A spokesperson for Block wouldn’t comment specifically on Rios’s experience but said that the indigenous employee group remains active among 14 ERGs at the company. The layoffs were companywide and structured to avoid bias, the spokesperson added.
Similar trends appear to be playing out elsewhere.
Since mid-2023, some ERGs have reported that fewer people are turning up for events and stepping into voluntary leadership roles, said Dumebi Egbuna, co-founder of Chezie, which provides software and support for companies to manage ERG programs. It’s become clear that many ERG leaders have been caught up in corporate layoffs, she said.
Most companies still seem to be willing and able to fund employee groups. But Egbuna said a substantial minority – maybe one in five – is showing visible erosion of support. Many higher-ups are reviewing DEI efforts across the board.
“Employees don't necessarily feel safe to participate in ERGs,” Egbuna said.
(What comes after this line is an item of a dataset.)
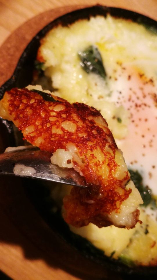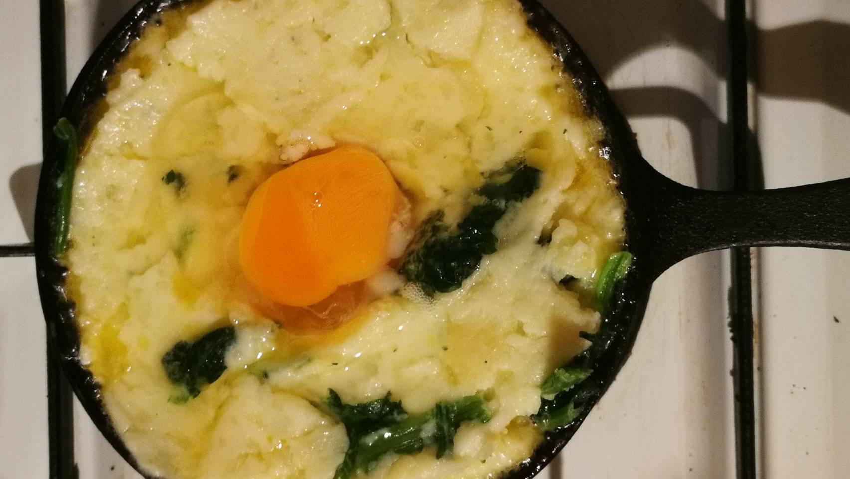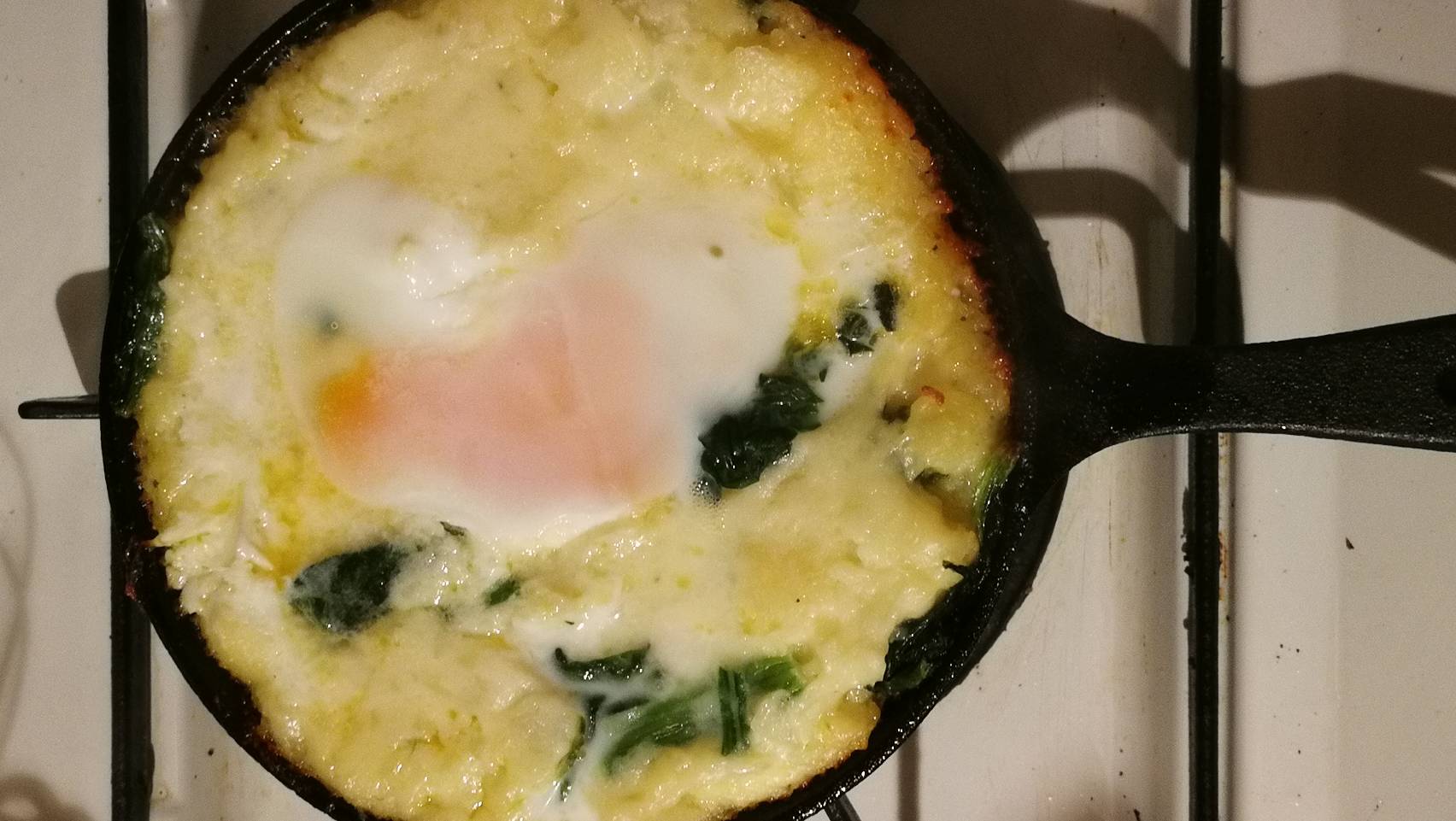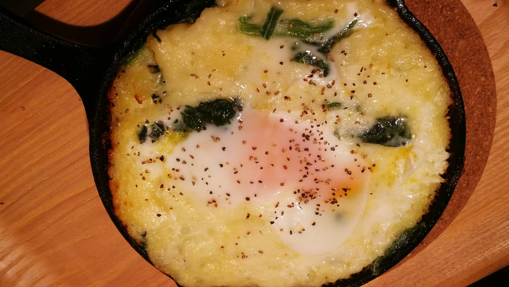 そんなわけで、本来なら透明の瓶で作るエッグスラットを今日はスキレットで!ついでに少しだけ栄養のことも考えて、ほうれん草も投入してあります( *`艸´)
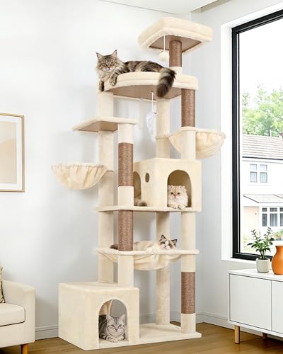 Globlazer Arbre a Chat Grand Hauteur 178 cm avec Doux Hamac, 2 Grandes Niches, Plateforme, Pente Sisal Peluche, Jouets, Arbres à Chat Coin Solide pour Gros Chats Repos Jeu Escalade (F70 Pro, Beige)

DEI professionals are keeping their heads down, she said.
Egbuna pointed to an education technology company that cut its DEI budget in half between 2020 and 2023. The move coincided with layoffs last year, she said.
Reversals like that are particularly disappointing after so many companies rushed to issue we-stand-with-you statements following the death of Floyd, employees and diversity advocates say.
Budget Cuts
Four years ago, as Black Lives Matter protests swept the nation, Microsoft also appeared to increase internal support for various DEI initiatives, including ERGs, said LaQuana Clary, a former engineer at the tech giant.
Then, that support seemed to waver, Clary said. She belonged to two Microsoft ERGs, one for women and another for Black people. Once the protests quieted down, the company began reducing funding for its ERGs and support for members to attend recruiting events, she said. Clary said she had to cover her airfare to attend a 2023 Nasdaq event in New York at which she was a speaker. In previous years, Microsoft would’ve footed most of the bill, she said.
“We started to get the message that budgets were getting cut,” said Clary, who lost her job in a big round of layoffs last year. “So, they would either have to cut back or raise funds. Like, cut meals. Ask people to bring their own food. We couldn’t have as many events.”
A spokesperson for Microsoft said the company hasn’t reduced its overall investment in ERGs, though it is prioritizing funding for events and activities with a higher return for members of the groups, such as mentorship programs.
Since leaving Block, Rios has found work at a gallery in Phoenix specializing in indigenous art. She looks back and wonders how things changed so quickly. The ERG for indigenous employees only had a budget of $2,000. But as part of her job, she occasionally spoke to Dorsey. She says she felt like she was helping people understand different perspectives and build a better workplace.
Seeing how quickly bosses can change course was a tough lesson, Rios said.
“People now may be more reluctant to join ERGs, especially to lead them,’’ she said.